▸ **WORK ITEM**:
Extract only the first line of the listing and every line after it up to and including the one with "Titanium Internally Threaded". Omit the pictures.

▸ **INFORMATION PROVIDED**:

[Start of section]

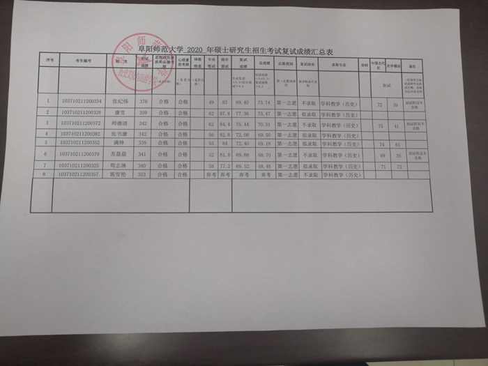阜阳师范大学2020年学科教学(历史)硕士研究生招生考试复试成绩汇总表公示
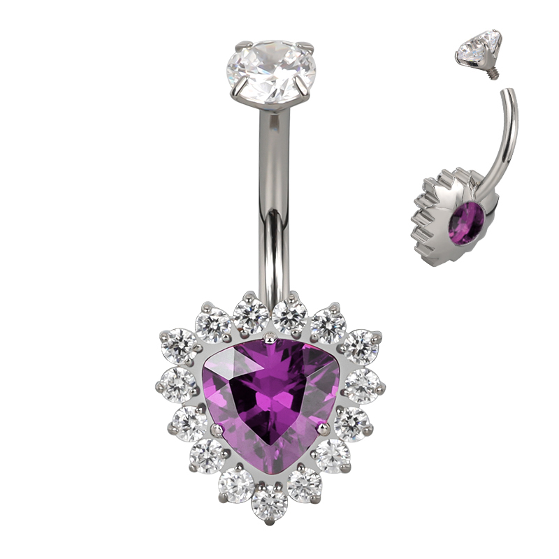 Titanium Internally Threaded Bezel Set CZ Top With Triangle CZ Center Flower Belly Ring
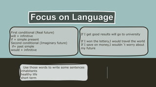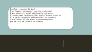 This document discusses different types of adverbs in English including adverbs of manner, place, time, frequency, and degree. It provides examples for each type of adverb and explains how they are used to modify verbs, adjectives, other adverbs, and entire sentences. Common adverbs like quickly, here, tomorrow, always, and very are given as examples to illustrate how each category answers questions about an action.
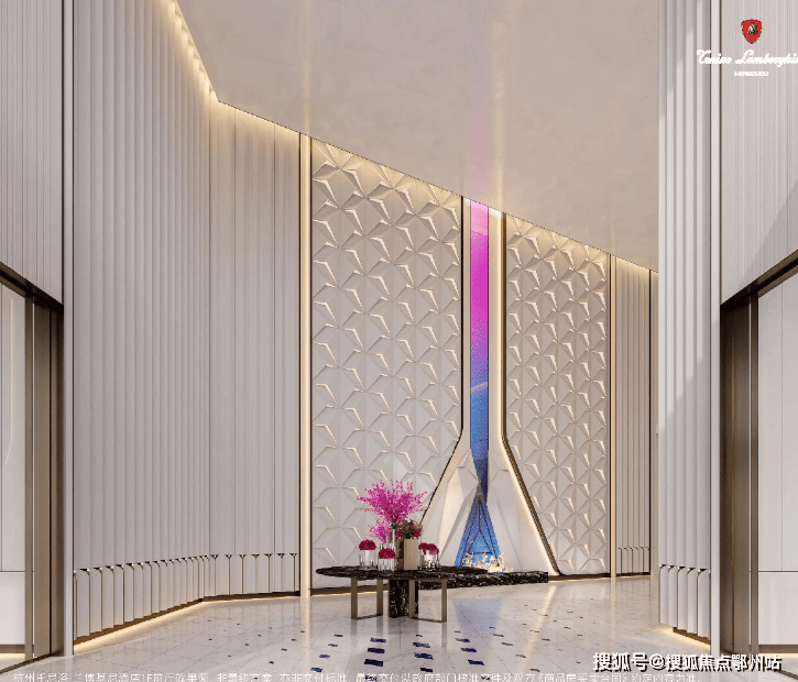 步入挑高约11米的一楼大堂,折线通高墙面与钻石切割前台 ,像极了兰博基尼发动机的散热鳍,又似来到澳门七星级酒店摩珀斯。

[End of section]

▸ **TASK ANSWER**:
阜阳师范大学2020年学科教学(历史)硕士研究生招生考试复试成绩汇总表公示
 Titanium Internally Threaded Bezel Set CZ Top With Triangle CZ Center Flower Belly Ring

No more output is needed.